===== PROVIDED DATA =====

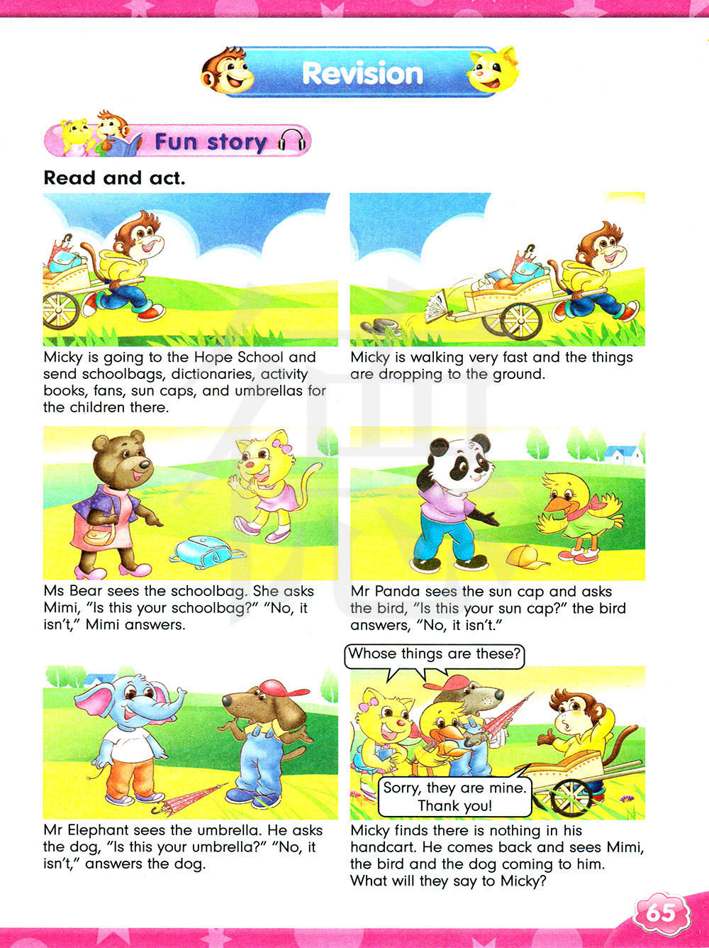 米奇发现她的手推车里什么东西都没有了。他往回走并看见咪咪、鸟儿和小狗朝着他走过来。它们会和米奇说什么?
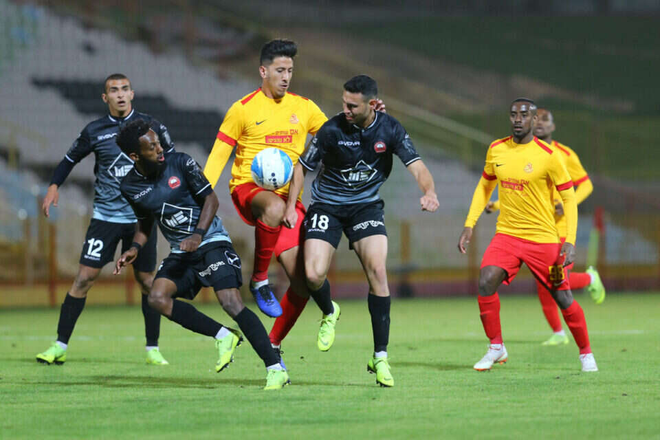 מאבק על כדור באשדוד. התיקו לא עזר לשתי הקבוצות // צילום: לירון מולדובן // מאבק על כדור באשדוד. התיקו לא עזר לשתי הקבוצות
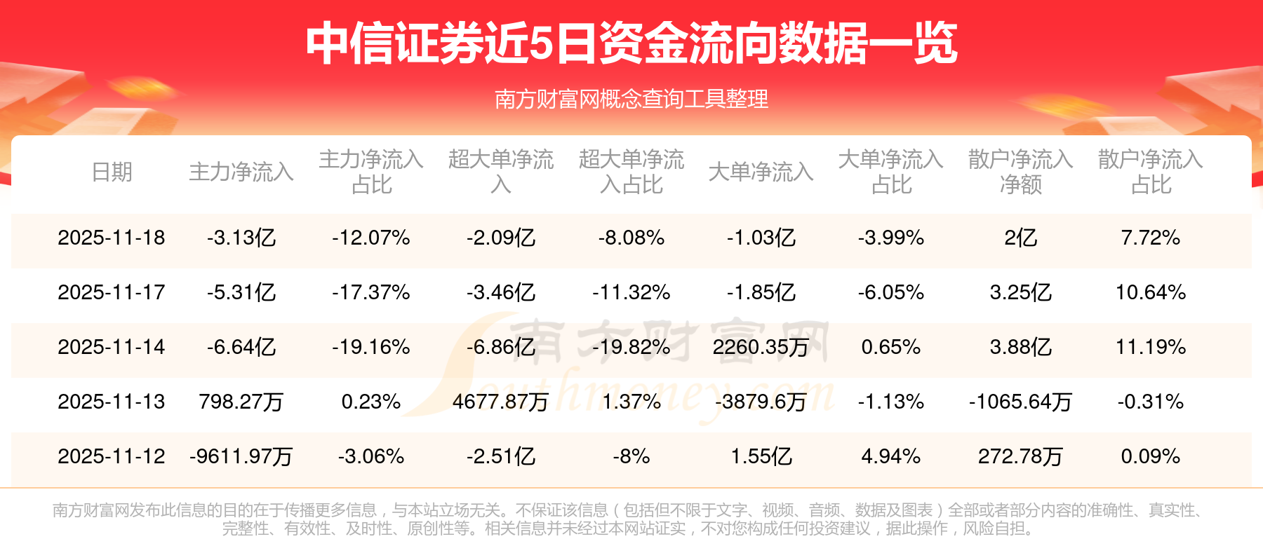 11月18日消息,中信证券主力净流出3.13亿元,超大单净流出2.09亿元,散户净流入2亿元。
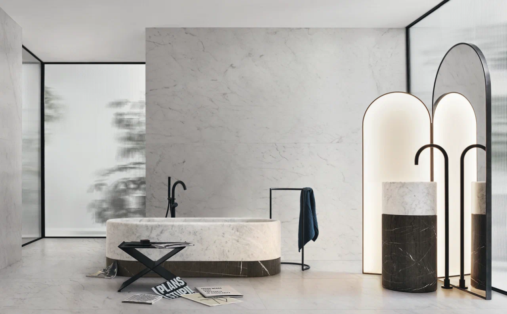 «Noorth и Vitage — две грани итальянского дизайна, словно Милан и Флоренция в мире сантехники, — рассказывает Анастасия Захарова, руководитель департамента по работе с дизайнерами и архитекторами «Макслевел». — Noorth воплощает рациональность и минимализм, где каждая линия говорит о безупречной инженерии и точности исполнения. Это ванная, которая органично продолжает интерьер, сливаясь с кухней, гостиной и спальней благодаря четкой геометрии и лаконичным материалам. Vitage же создает особую атмосферу, превращая ванную в настоящую сцену. Здесь всё работает на создание эмоционального фона: мебель, свет, зеркала. Бренд выделяется выразительными фасадами, изящными силуэтами и ручной отделкой, где дерево, металл и стекло создают неповторимые сочетания».
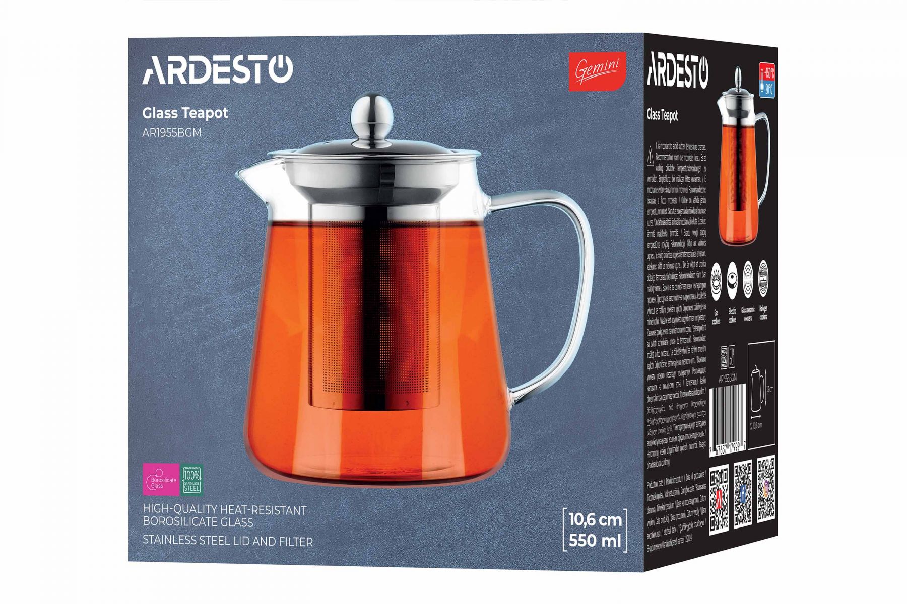 Заварник Ardesto Gemini Milano 550мл, боросилікатне скло, нержавіюча сталь, прозорий

=====

Repeat every line of the data exactly, but do not include pictures.

 米奇发现她的手推车里什么东西都没有了。他往回走并看见咪咪、鸟儿和小狗朝着他走过来。它们会和米奇说什么?
 מאבק על כדור באשדוד. התיקו לא עזר לשתי הקבוצות // צילום: לירון מולדובן // מאבק על כדור באשדוד. התיקו לא עזר לשתי הקבוצות
 11月18日消息,中信证券主力净流出3.13亿元,超大单净流出2.09亿元,散户净流入2亿元。
 «Noorth и Vitage — две грани итальянского дизайна, словно Милан и Флоренция в мире сантехники, — рассказывает Анастасия Захарова, руководитель департамента по работе с дизайнерами и архитекторами «Макслевел». — Noorth воплощает рациональность и минимализм, где каждая линия говорит о безупречной инженерии и точности исполнения. Это ванная, которая органично продолжает интерьер, сливаясь с кухней, гостиной и спальней благодаря четкой геометрии и лаконичным материалам. Vitage же создает особую атмосферу, превращая ванную в настоящую сцену. Здесь всё работает на создание эмоционального фона: мебель, свет, зеркала. Бренд выделяется выразительными фасадами, изящными силуэтами и ручной отделкой, где дерево, металл и стекло создают неповторимые сочетания».
 Заварник Ardesto Gemini Milano 550мл, боросилікатне скло, нержавіюча сталь, прозорий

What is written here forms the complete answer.